Members of the Coast Guard Combat Veterans Association, Chief Warrant Officers Association, Chief Petty Officers Association, Coast Guard Cutter Midgett, and the Coast Guard Enlisted Association present wreaths on the grave of Signalman 1st Class Douglas A. Munro during a memorial ceremony held in his honor at Laurel Hills Memorial Cemetery in Cle Elum, Wash., Sept. 25, 2015. Munro was a native of Cle Elum, and served in Port Angeles, Wash., before deploying during WWII. (U.S. Coast Guard photo by Petty Officer 3rd Class Katelyn Shearer)

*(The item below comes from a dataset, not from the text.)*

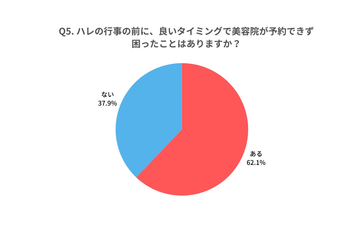 Q5:ハレの行事前、良いタイミングで美容院を予約できず困った経験のあるママが2人に1人

Members of the Coast Guard Combat Veterans Association, Chief Warrant Officers Association, Chief Petty Officers Association, Coast Guard Cutter Midgett, and the Coast Guard Enlisted Association present wreaths on the grave of Signalman 1st Class Douglas A. Munro during a memorial ceremony held in his honor at Laurel Hills Memorial Cemetery in Cle Elum, Wash., Sept. 25, 2015.  (U.S. Coast Guard photo by Petty Officer 3rd Class Katelyn Shearer)

SEATTLE — More than 200 Coast Guardsmen, Marines, Coast Guard retirees, family members and City of Cle Elum residents recognized the 73rd anniversary of the death of Signalman 1st Class Douglas Albert Munro – the Coast Guard’s lone Medal of Honor recipient, during a memorial ceremony, Friday, at Laurel Hill Memorial Cemetery in Cle Elum.

Rear Adm. Richard Gromlich, commander of the 13th Coast Guard District, addressed the crowd, which included Cmdr. Doug Sheehan, U.S. Coast Guard, retired, and nephew of Munro; Chris Sheehan, nephew of Munro; Master Chief Phillip Smith, retired, 2nd Master Chief Petty Officer of the Coast Guard; Master Chief Michael Leavitt, retired, 11th Master Chief Petty Officer of the Coast Guard; and Master Chief Lani Cale-Jones, Deputy Master Chief Petty Officer of the Coast Guard.

“Where do people like Douglas Munro come from?” said Gromlich. “They come from Cle Elum. They come from small towns and big cities across this great country. We have a long history of men and women willing to navigate unsafe and stormy seas that drive others to safe harbor. Douglas Munro defines us.”

Munro, a Cle Elum native, received the Medal of Honor for extraordinary heroism and conspicuous gallantry in action above and beyond the call of duty as officer-in-charge of a group of Higgins boats, engaged in the evacuation of a battalion of nearly 500 Marines trapped by enemy Japanese forces at Point Cruz, Guadalcanal, on September 27, 1942.

When the perilous task of evacuation was nearly completed, Munro was killed by enemy fire. His crew, two of whom were wounded, carried on until the last boat had loaded and cleared the beach.

Munro’s final words were “Did they get off?”

Additional distinguished guests included Charles Glondo, mayor of the city of Cle Elum; James Devere, mayor of the city of South Cle Elum; Geoffe Scherer, mayor of the city of Roslyn; and members of the Veterans of Foreign Wars Douglas Munro Post 1373.